Statistical analyses were performed in Stata version 12.0 (Stata Corp., College Station, USA), starting with the description of the sample and the calculation of the prevalence of the dependent variable and its 95% confidence interval (95% CI). The association of the independent variables with the negative self-perception of health was tested by the bivariate analysis (crude prevalence ratios and their CIs) and, later, through backward stepwise multivariate analysis, with Poisson regression, cluster-robust variance (adjusted prevalence ratios and their CIs). We adopted a pre-established hierarchical model, with the variables of each level entering the model and those with p>0.20 were withdrawn one by one, inserting those of the lower level, and so forth, until the last level. The linear trend (Wald test) was tested in the ordered polytomous categorical variables, and heterogeneity was tested in the non-ordered ones. All statistical analyses adopted a p-value of p<0.05 of a two-tailed test.

The Health Research Ethics Committee of the Federal University of Rio Grande (CEPAS/FURG) approved the research protocol CAAE 09931212.3.0000.5324, and all participants agreed by signing an Informed Consent Form.


Of the 1,264 service users eligible for the study, 1,246 agreed to participate, resulting in 1.4% losses and refusals. The sample consisted mainly of adults (77.8%), women (83.7%), individuals who self-referred as white (63.3%) and with spouse (60.2%). Regarding the monthly household income, individuals belonging to extreme quintiles had an average income of R$ 142.9 (±71.7) and R$ 1,034.8 (±304.8). As for schooling, having completed primary school was more frequent among the participants (67%). About 70% were not working and more than half of the sample reported having at home up to three residents (56%) (Table 1).

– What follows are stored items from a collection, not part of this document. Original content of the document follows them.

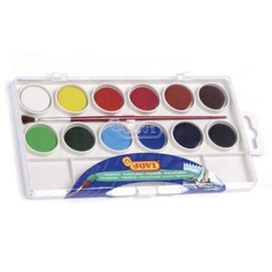 La acuarela de alta calidad "Jovi" está diseñada para dibujar en casa, en la escuela, en estudios de arte, adecuados para diferentes técnicas de dibujo. 12 colores básicos. Pinturas en una caja con cubetas de agua y un pincel. Comprimidos comprimidos con un diámetro de 22 mm (peso 2,9 g) con un alto contenido de pigmento. Mucho más económico que las acuarelas semisecas en cubetas. Se divorcian fácilmente: cuando se agrega una pequeña cantidad de agua, los colores son muy saturados y brillantes, y un aumento en la cantidad de agua conduce a los efectos típicos de la técnica de la acuarela. Bien encajado en la superficie, se puede utilizar para dibujar en varias superficies: papel de diferente densidad, cartón, para colorear figuras secas de pasta de modelar, congelar en el aire o de papel maché. Las pinturas se lavan de la mayoría de los tipos de telas.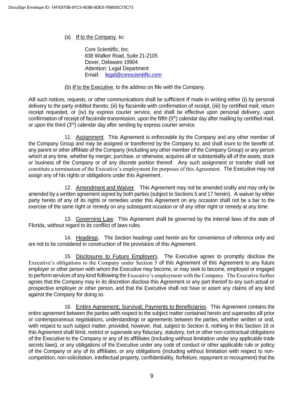 9 (a) if to the Company, to: Core Scientific, Inc. 838 Walker Road, Suite 21-2105 Dover, Delaware 19904 Attention: Legal Department Email: legal@corescientific.com (b) if to the Executive, to the address on file with the Company. All such notices, requests, or other communications shall be sufficient if made in writing either (i) by personal delivery to the party entitled thereto, (ii) by facsimile with confirmation of receipt, (iii) by certified mail, return receipt requested, or (iv) by express courier service, and shall be effective upon personal delivery, upon confirmation of receipt of facsimile transmission, upon the fifth (5th) calendar day after mailing by certified mail, or upon the third (3rd) calendar day after sending by express courier service. 11. Assignment. This Agreement is enforceable by the Company and any other member of the Company Group and may be assigned or transferred by the Company to, and shall inure to the benefit of, any parent or other affiliate of the Company (including any other member of the Company Group) or any person which at any time, whether by merger, purchase, or otherwise, acquires all or substantially all of the assets, stock or business of the Company or of any discrete portion thereof. Any such assignment or transfer shall not constitute a termination of the Executive’s employment for purposes of this Agreement. The Executive may not assign any of his rights or obligations under this Agreement. 12. Amendment and Waiver. This Agreement may not be amended orally and may only be amended by a written agreement signed by both parties (subject to Sections 5 and 17 herein). A waiver by either party hereto of any of its rights or remedies under this Agreement on any occasion shall not be a bar to the exercise of the same right or remedy on any subsequent occasion or of any other right or remedy at any time. 13. Governing Law. This Agreement shall be governed by the internal laws of the state of Florida, without regard to its conflict of laws rules. 14. Headings. The Section headings used herein are for convenience of reference only and are not to be considered in construction of the provisions of this Agreement. 15. Disclosures to Future Employers. The Executive agrees to promptly disclose the Executive’s obligations to the Company under Section 5 of this Agreement of this Agreement to any future employer or other person with whom the Executive may become, or may seek to become, employed or engaged to perform services of any kind following the Executive’s employment with the Company. The Executive further agrees that the Company may in its discretion disclose this Agreement or any part thereof to any such actual or prospective employer or other person, and that the Executive shall not have or assert any claims of any kind against the Company for doing so. 16. Entire Agreement; Survival; Payments to Beneficiaries. This Agreement contains the entire agreement between the parties with respect to the subject matter contained herein and supersedes all prior or contemporaneous negotiations, understandings or agreements between the parties, whether written or oral, with respect to such subject matter, provided, however, that, subject to Section 6, nothing in this Section 16 or this Agreement shall limit, restrict or supersede any fiduciary, statutory, tort or other non-contractual obligations of the Executive to the Company or any of its affiliates (including without limitation under any applicable trade secrets laws), or any obligations of the Executive under any code of conduct or other applicable rule or policy of the Company or any of its affiliates, or any obligations (including without limitation with respect to non- competition, non-solicitation, intellectual property, confidentiality, forfeiture, repayment or recoupment) that the DocuSign Envelope ID: 30433199-F39C-4410-84F6-189535485E6B1AFE970B-97 3-4E8B-9DE5-768655C75C73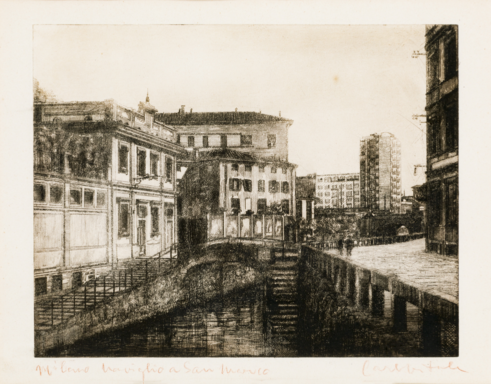 CARLO VITALE (1902-1996)Milano. Naviglio a San MarcoIncisioneLastra cm...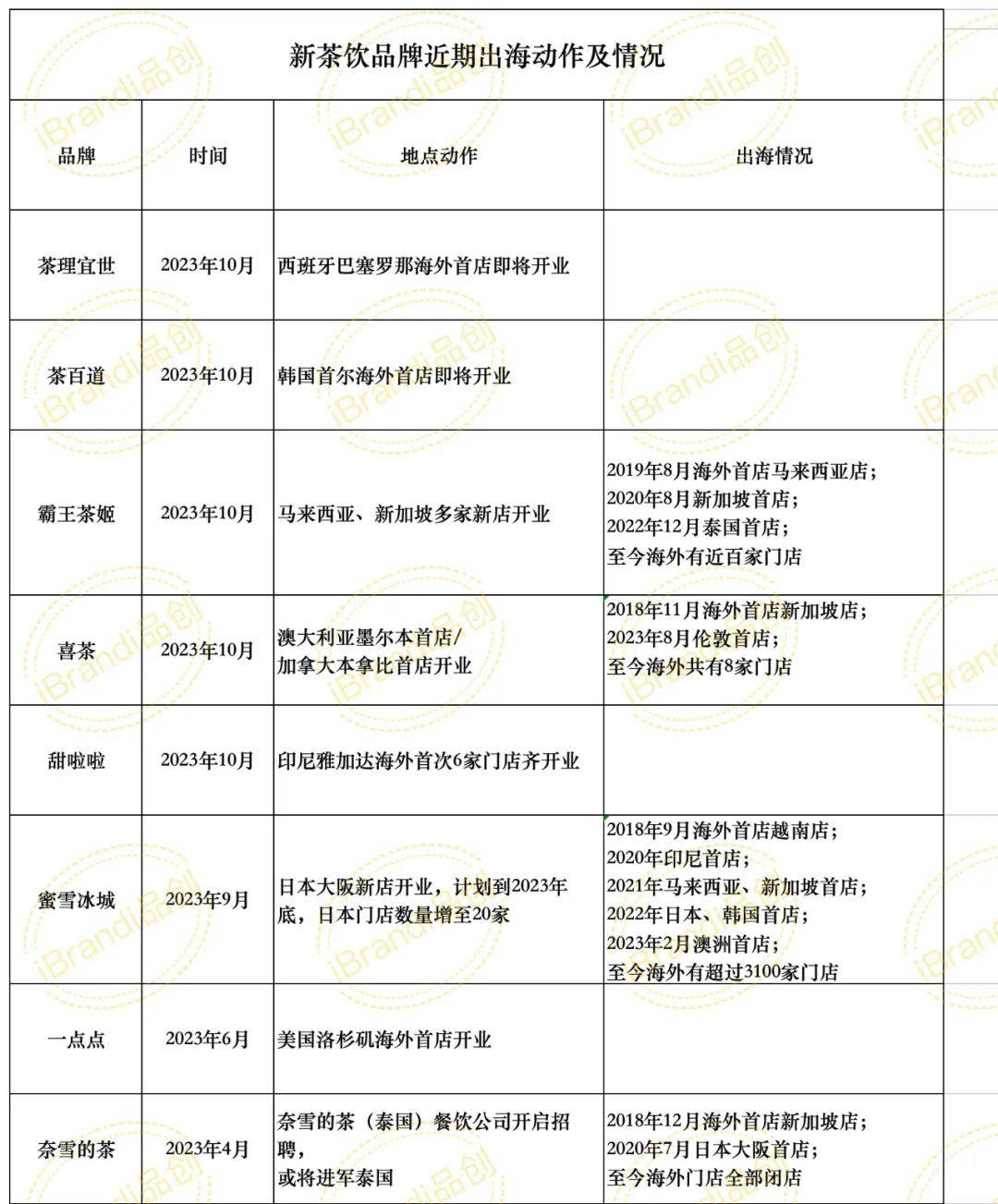 新茶饮出海不是什么新鲜事,但值得注意的是,近几个月,新茶饮们的出海进程,都在默契提速。10月25日,据日本经济新闻报道,蜜雪冰城将扩大在日本的门店数量,并计划在2028年前后将日本门店增加到1000家;“雪王”的老对手甜啦啦10月1日在印尼开了首批6家新店;头部品牌喜茶也接连在伦敦、墨尔本、本拿比等地正式营业;奈雪的茶、霸王茶姬、一点点等品牌更是早就进入海外市场,就连刚走出广州的新品牌“茶理宜世”,也要去西班牙开启首店了……如果说前两年,新茶饮品牌出海我们还可以用“试水”、“不失一次探索”来形容,那么自今年以来,新茶饮品牌默契地选择走出国门,甚至加速出海,则多了几分想要“不掉队”的心态。 国内新茶饮内卷是事实,走出国门后,到底是为品牌故事“添彩”还是“增压“?从年初开始,新茶饮品牌就在出海上动作频繁,“秋天的第一杯奶茶”季来临后,各品牌又纷纷默契提速。从上图中可以看出,9、10月成为品牌出海密集期。其中,有些品牌今年第一次出海,有些品牌早已是海外老手。从2018年起,奈雪的茶、喜茶、蜜雪冰城这三家企业就已经进军东南亚市场,随后霸王茶姬也在马来西亚开始出海首站。直到今年,各新老品牌加速出海进程,迎来了一波“爆发式”出海。只不过,虽然都是出海,但在具体的出海招数上,却各有不同。本文试从产品、价格、渠道、营销四方面,对喜茶、霸王茶姬、蜜雪冰城以及奈雪的茶这4家出海多年的新茶饮品牌进行打法复盘。产品上,喜茶延续国内的高品质鲜果茶风格并以当地网红元素创新产品。首站进入新加坡后,喜茶除了保留经典饮品,还根据当地人对榴莲、网红零食“咸蛋黄味炸鱼皮”的热爱,推出新加坡特有产品榴莲冰淇淋与咸蛋黄冰淇淋等。以此打造出当地人喜爱的“网红”爆品。价格上,喜茶的海外定价高于国内。以多肉葡萄冻标准杯为例,国内售价18元,而新加坡、伦敦、墨尔本店价格分别约为31元、57元、45元人民币。显然,喜茶的定价与其处在核心商圈的门店相匹配,目标群体多为白领等主流消费群体。渠道上,喜茶前期门店皆为直营,今年3月时才启用合伙人模式开发海外市场。在海外,直营的成本压力过大,且面临对当地市场不了解的风险。而合伙人模式可以通过合伙人获取资金与当地资源的支持,分散企业自身风险。这也印证喜茶准备加速铺开海外门店的计划。营销上,喜茶通过“城市特色”作为品牌传播点,围绕门店城市的特色景点做出城市限定冰箱贴、设立旅游打卡点等,吸引当地人与游客消费并在社交平台上分享。产品上,霸王茶姬海外产品几乎和国内一样,以“原叶茶+鲜奶”的品类差异化打入市场并保留清淡口味,不时配合营销活动推出当地限定产品,像限定饮品玫珑蜜瓜等。与国内相同的产品体系更容易使其把控整体供应链,达到统一标准化生产。价格上,霸王别姬维持与国内类似的中低价定位,可见目标消费者也与国内类似。以伯牙绝弦中杯为例,国内门店售价为16元,马来西亚、泰国价格分别约为18元、19元人民币。渠道上,加盟模式成为霸王别姬拓店的主要方式。相比直营与合伙人模式,加盟模式门槛更低,可以更快地铺开店面,抢占市场。霸王别姬在四年内开业近百家门店,加盟模式起到重要作用。营销上,霸王别姬运用“国风+本土潮流”的方式,设立国风+当地特色门店、请当地名人作代言人、大搞潮流联名活动等。其在马来西亚请李宗伟当代言人,在新加坡联名星穹铁道送周边活动,都是为了从潮流上接近当地年轻消费者,增加社交平台打卡次数,打开品牌在当地的知名度。产品上,蜜雪冰城在保持国内饮品的基础上,基于当地年轻人喜好不断推出新口味,像新加坡的草莓甘露、越南的覆盆子奶盖等,都是国内没有的新品。与其他三家品牌最大区别是,蜜雪冰城根据当地人的口味习惯,提升了整体饮品甜度。价格上,蜜雪冰城依然主打低价策略。虽然其在海外市场的价格略高于国内,但以当地本土市场来说,雪王还是最具性价比的品牌。以其镇店之宝冰淇淋和冰鲜柠檬水为例,国内价格为2/4元,越南、印尼、新加坡、日本、悉尼价格分别约为3/6元、3.7/4.6元、5.4/13.4元、7.8/12.6元、9.4/17元人民币。渠道上,蜜雪冰城和霸王茶姬一样,选用加盟模式开店。这种方式带来飞快的扩张速度,至今其在全球已经拥有超过3100家门店。营销上,蜜雪冰城运用自身火爆IP,结合当地文化,打造出既统一又有本土化特色的品牌形象。基于国内版本,雪王形象根据本土特色进行调整,主题曲也改成当地语言版本。并且,和国内“街溜子”雪王一样,海外各大街道也都是他的身影,唱歌跳舞、巡回散步,以此吸引民众目光,拉近消费者与品牌的距离,为品牌引流。产品上,奈雪的茶经营版块与国内类似,同样由茶饮、烘焙和零售三部分构成。与以上品牌不同的是,奈雪的茶更注重烘焙产品的地域特色。日本首店中,其推出结合京都宇治抹茶与日本当地卡仕达特点的抹茶卡仕达,以及以大阪特色食品“章鱼烧”为灵感的章鱼烧面包等。价格上,奈雪的茶定价以高端为主,主要针对高消费群体。以招牌产品霸气芝士草莓中杯为例,国内价格21元,店铺营业时日本价格约为44元、新加坡约为43元人民币。渠道上,奈雪的茶在当时选择和国内一样的直营模式。其创始人认为,直营模式可以更好的把控店铺经营和产品质

Table 1 Characterization of a sample of adults and elderly Primary Care users. Pelotas (RS), Brazil, 2013. (n = 1,246). 

Variables n %
Male 203 16,3
Female 1,043 83.7
Age in full years
20-59 969 77.8
60 and over 277 22.2
Self-reported skin color (n = 1.244)
White 787 63.3
Non-white 457 36.7
Presence of spouse
No 496 39.8
Yes 750 60.2
Quintiles of monthly household income per capita Mean SD
1st 142.95 71.69
2nd 289.53 37.90
3rd 416.78 51.78
4th 629.13 67.08
5th 1,034.87 304.83
Primary school 832 66.8
Secondary school 276 22.1
Higher education and over 138 11.1
Working 396 31.8
Not working 850 68.2
Number of people living in the household
1-3 692 55.5
4 and over 554 44.5
Number of self-reported NCDs
None 576 46.2
1-2 486 39.0
3 and over 184 14.8
Nutritional status (n = 1.113)
Eutrophy 434 39.0
Overweight 679 61.0
Food insecurity (n = 982)
No 845 86.0
Yes 137 14.0
Access to health information
Yes 780 62.6
No 466 37.4
Healthcare model
Family health 669 53.7
Traditional 577 46.3
Follow-up of the Ten Steps of Healthy Eating
None 47 3.8
1 255 20.5
2 391 31.4
3 337 27.0
4 and over 216 17.3
Physical activity
Yes 318 25.5
No 928 74.5
Tobacco use
No 954 76.6
Yes 292 23.4
Alcoholic beverage consumption
No 1,061 85.2
Yes 185 14.8

NCDs: Noncommunicable diseases.

Regarding health-related aspects, although the lack of NCDs in 46% of the sample was evident, almost 40% of them self-reported having up to two diseases, and approximately 15% three or more chronic diseases. The most observed nutritional status was overweight (61%), and food insecurity was identified in 14% of the sample. More than 60% reported having access to health information. The Family Health Strategy served more than half of the users. When asked about Follow-up of the Ten Steps of Healthy Eating, more than 50% reported as maximum adherence up to two of them, and no participant reported adherence to all steps. Participants reported approximately 75% of physical inactivity, similar to the absence of tobacco use, and 85% of them did not consume alcoholic beverages (Table 1). The study outcome, namely, negative self-perception of health, was identified in 41.6% (95% CI, 38.8-44.3) of the individuals.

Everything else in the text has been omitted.